We achieved all of this while managing our risk conservatively, which is reflected in credit loss provisions of just 75 million euros in the quarter, down 90 percent year on year. We have a solid Common Equity Tier 1 ratio of 13.2 percent.
Now it is crucial that we continue to implement our transformation programme in a disciplined manner. A number of external developments are weighing on us, such as bank levies and unexpected higher contributions to the deposit protection scheme. We will not reduce our planned investments to offset the additional 400 million euros that these effects will likely cost us in the coming year, which is in line with what we announced at the Investor Deep Dive in December.
Despite all our ongoing cost discipline, we do not think it makes sense to cap investments because of unexpected externally driven expenditures.

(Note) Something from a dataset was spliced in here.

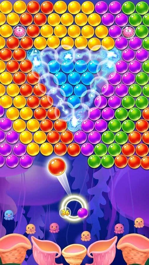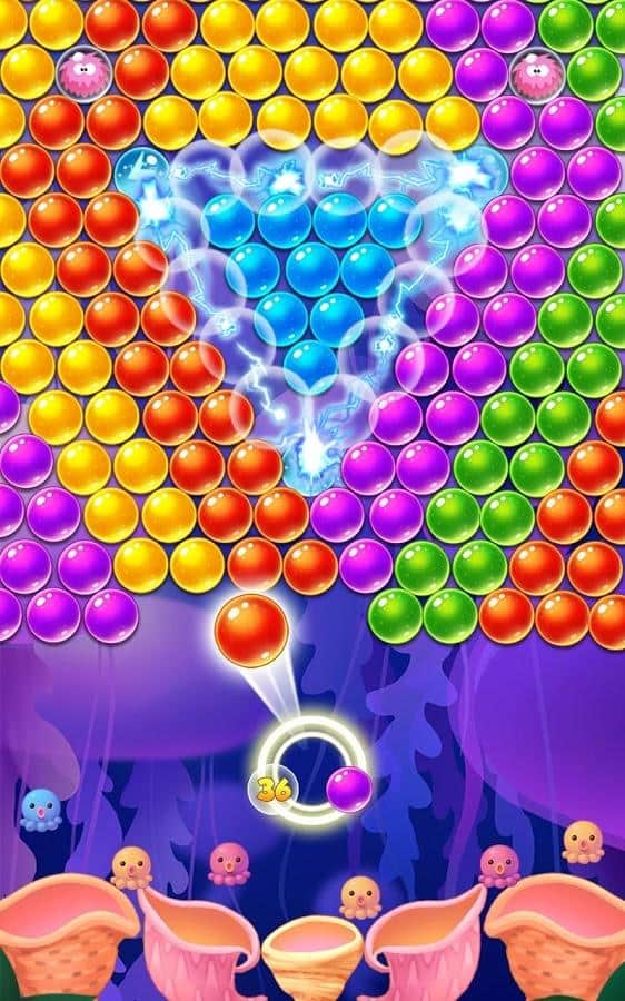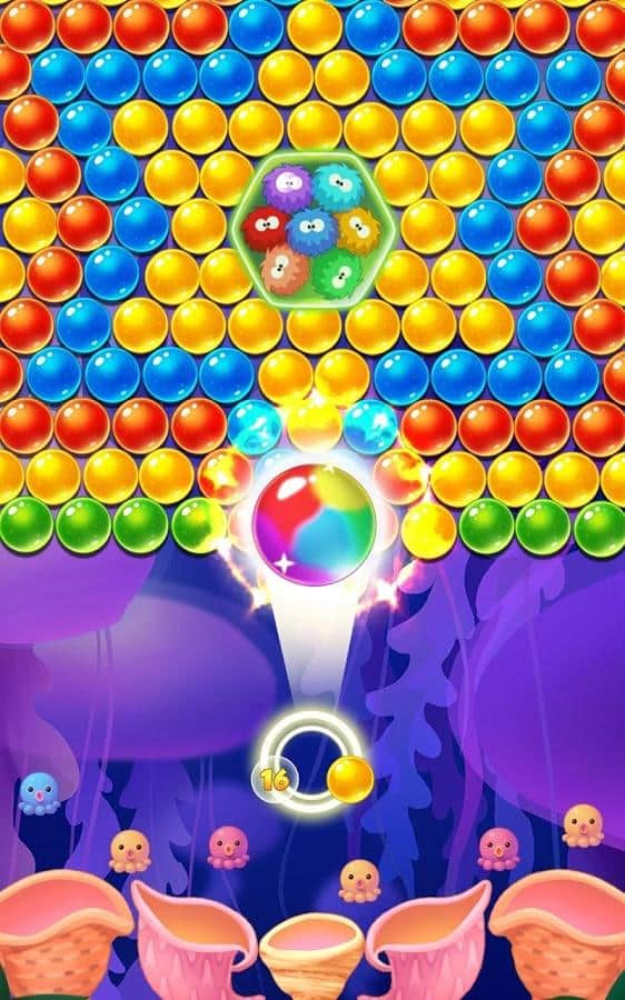 Океан сегодня скрывает еще много тайн, несмотря на его постоянное изучение. Сокровищ на его дне много, остается только найти их в красочной игре Bubble Shooter! Яркий интерфейс не даст заскучать, а интересные стратегии стрельбы шарами по преградам потребуют логического мышления. Приступай сейчас к прохождению разных уровней и быстрее своих друзей добирайся до самого дна. А идти придется долго, ведь ко дну океана ведет больше 200 уровней с разной сложностью решения. Спасай морских животных и получай вознаграждение!

At the same time, however, we need to keep on top of all the expense factors that we can influence.
In the second quarter, we demonstrated our ability to do just that by once again reducing our adjusted costs excluding transformation-related charges year on year. We will rigorously continue on this path. With our transformation significantly advanced, we will focus on achieving a cost/income ratio of 70 percent going forward. This more accurately reflects the sustainable margin which we are targeting than the absolute cost targets we set and achieved in previous years.
Reaching a cost/income ratio of 70 percent will also be the key lever to get to our primary objective for 2022: increasing our return on tangible equity to 8 percent in 2022. We reaffirmed both of these target ratios today. Given the positive developments in both revenues and credit risk they are within reach, as long as we keep our cost discipline.
We have already achieved a great deal in the transformation of our bank. However, it is a little like a marathon: the 30-kilometre (19-mile) mark is where it starts to really hurt. But we also know that it is worth pushing on. The progress we have made is thanks to your outstanding dedication and your discipline. We continue to count on you. We have already completed a large part of the way to 2022. Let’s complete the remaining journey just as successfully.